## What you should do
Begin your transcription at the line containing "The basic CoachCall" and continue it, word for word, to the final line below. Include only those lines and skip the pictures.
□ □ □ □ □
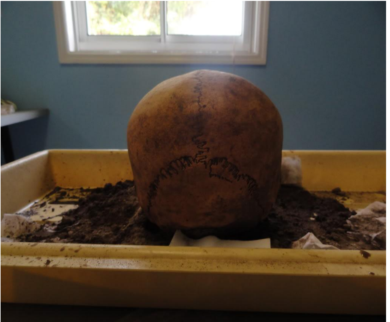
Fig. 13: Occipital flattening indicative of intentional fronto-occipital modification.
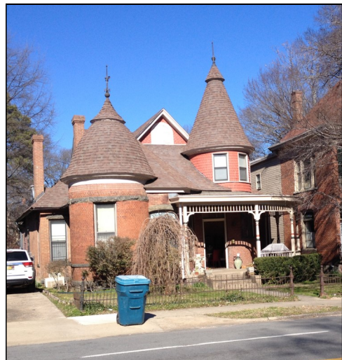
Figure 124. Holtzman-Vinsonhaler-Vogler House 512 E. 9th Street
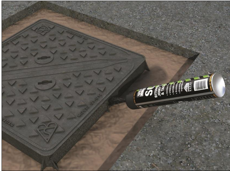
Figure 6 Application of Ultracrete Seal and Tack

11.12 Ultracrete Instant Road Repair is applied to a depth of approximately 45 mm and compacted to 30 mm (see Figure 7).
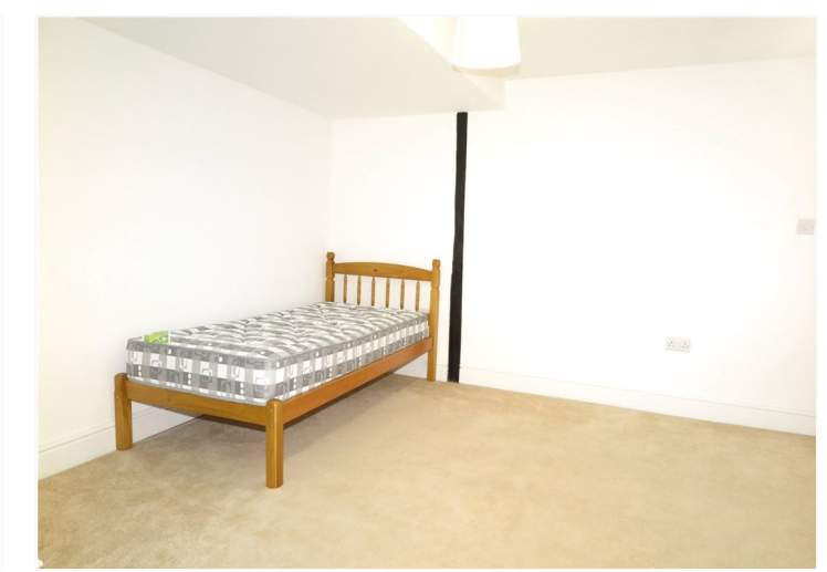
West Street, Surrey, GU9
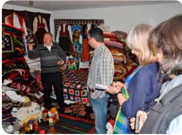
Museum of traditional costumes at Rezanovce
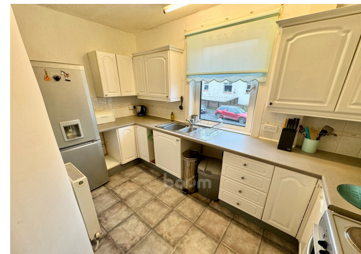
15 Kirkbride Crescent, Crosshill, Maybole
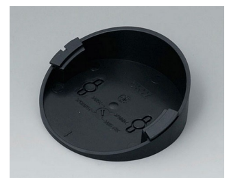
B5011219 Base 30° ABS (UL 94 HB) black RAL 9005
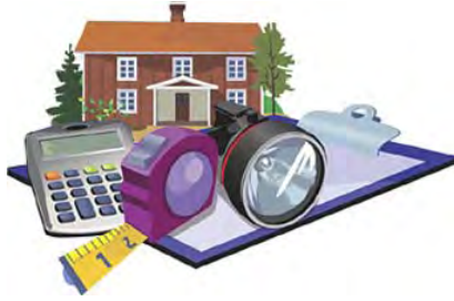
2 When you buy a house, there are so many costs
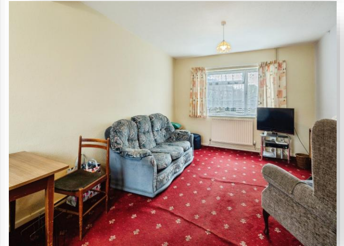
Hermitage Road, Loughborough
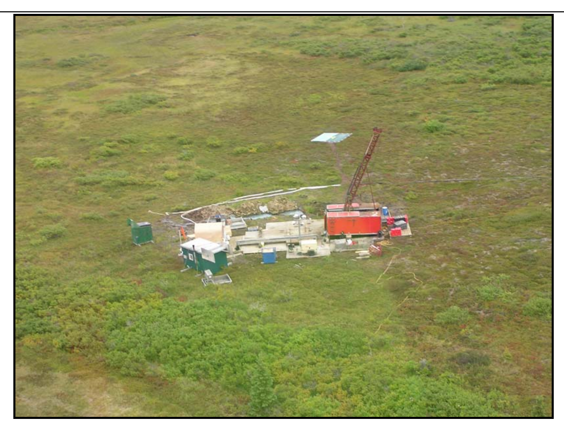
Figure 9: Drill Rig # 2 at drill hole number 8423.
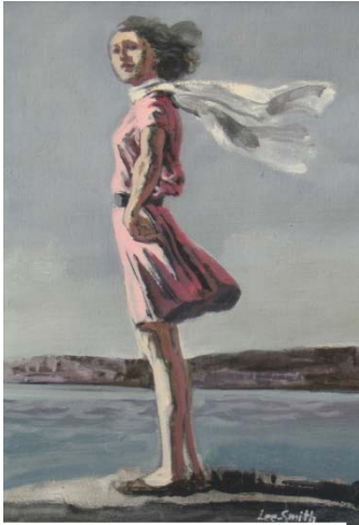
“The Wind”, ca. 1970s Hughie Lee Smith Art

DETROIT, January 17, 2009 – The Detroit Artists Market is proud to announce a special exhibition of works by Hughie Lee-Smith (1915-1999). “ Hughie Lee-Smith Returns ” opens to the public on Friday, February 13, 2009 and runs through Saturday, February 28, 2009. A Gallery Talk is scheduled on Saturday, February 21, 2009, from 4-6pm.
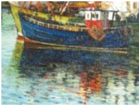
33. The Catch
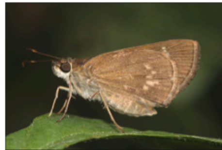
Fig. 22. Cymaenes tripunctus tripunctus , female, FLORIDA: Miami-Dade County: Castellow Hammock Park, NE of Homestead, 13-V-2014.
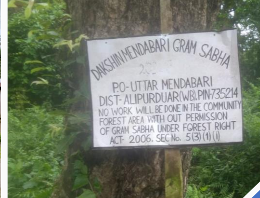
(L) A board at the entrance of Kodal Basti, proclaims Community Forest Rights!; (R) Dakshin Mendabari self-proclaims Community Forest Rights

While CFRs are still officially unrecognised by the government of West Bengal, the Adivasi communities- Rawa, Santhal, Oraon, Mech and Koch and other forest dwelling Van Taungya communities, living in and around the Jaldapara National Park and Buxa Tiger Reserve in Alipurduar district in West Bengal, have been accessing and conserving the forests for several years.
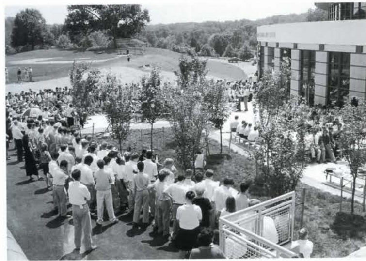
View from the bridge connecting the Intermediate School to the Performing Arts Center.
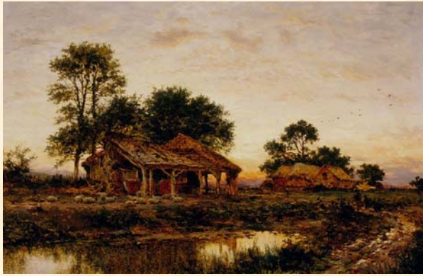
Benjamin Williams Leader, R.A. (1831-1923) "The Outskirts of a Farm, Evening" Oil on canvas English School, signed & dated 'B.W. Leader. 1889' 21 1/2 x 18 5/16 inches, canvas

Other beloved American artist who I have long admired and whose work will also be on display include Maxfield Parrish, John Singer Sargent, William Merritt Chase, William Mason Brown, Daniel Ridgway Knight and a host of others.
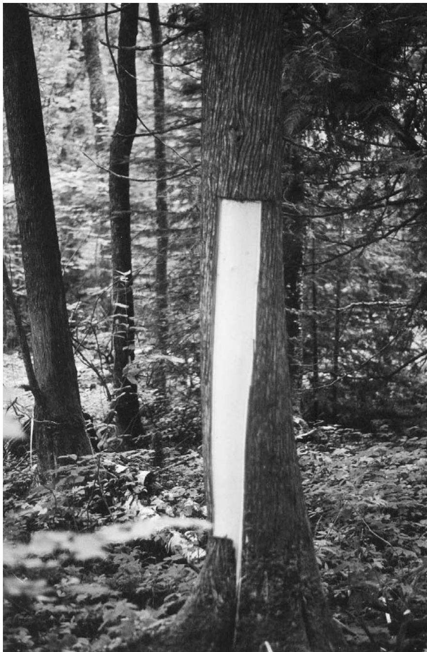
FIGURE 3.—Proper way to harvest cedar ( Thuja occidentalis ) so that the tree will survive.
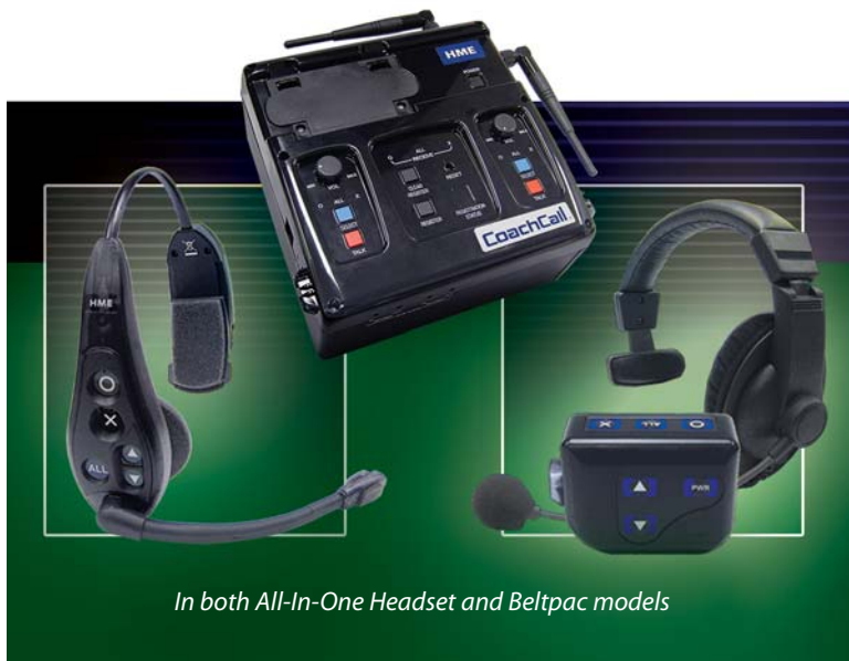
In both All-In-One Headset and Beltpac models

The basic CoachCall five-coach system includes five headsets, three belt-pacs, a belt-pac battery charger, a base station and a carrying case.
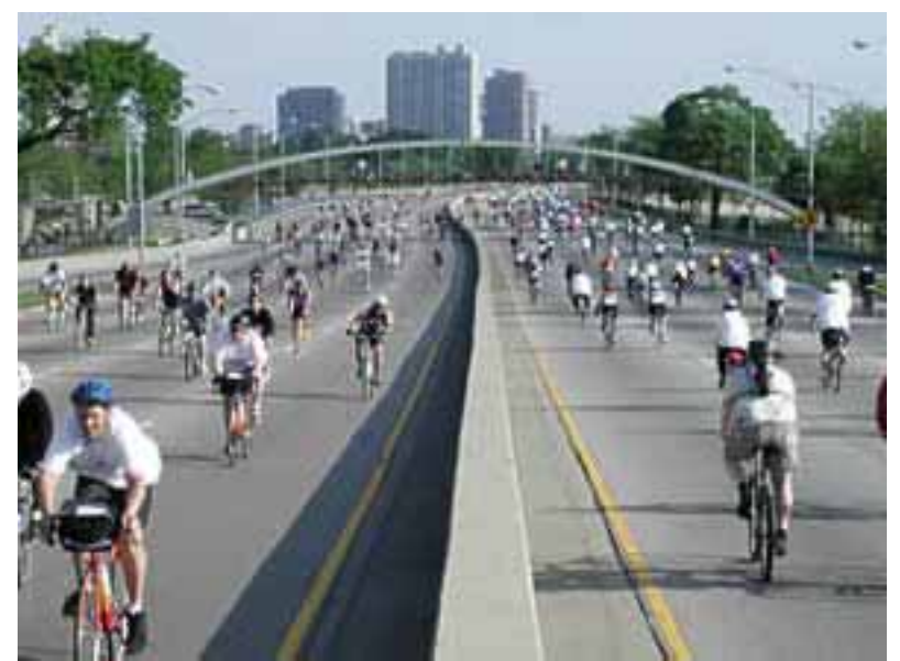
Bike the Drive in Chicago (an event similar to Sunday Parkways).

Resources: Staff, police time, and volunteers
□ □ □ □ □
## Result
The basic CoachCall five-coach system includes five headsets, three belt-pacs, a belt-pac battery charger, a base station and a carrying case.
Bike the Drive in Chicago (an event similar to Sunday Parkways).

Resources: Staff, police time, and volunteers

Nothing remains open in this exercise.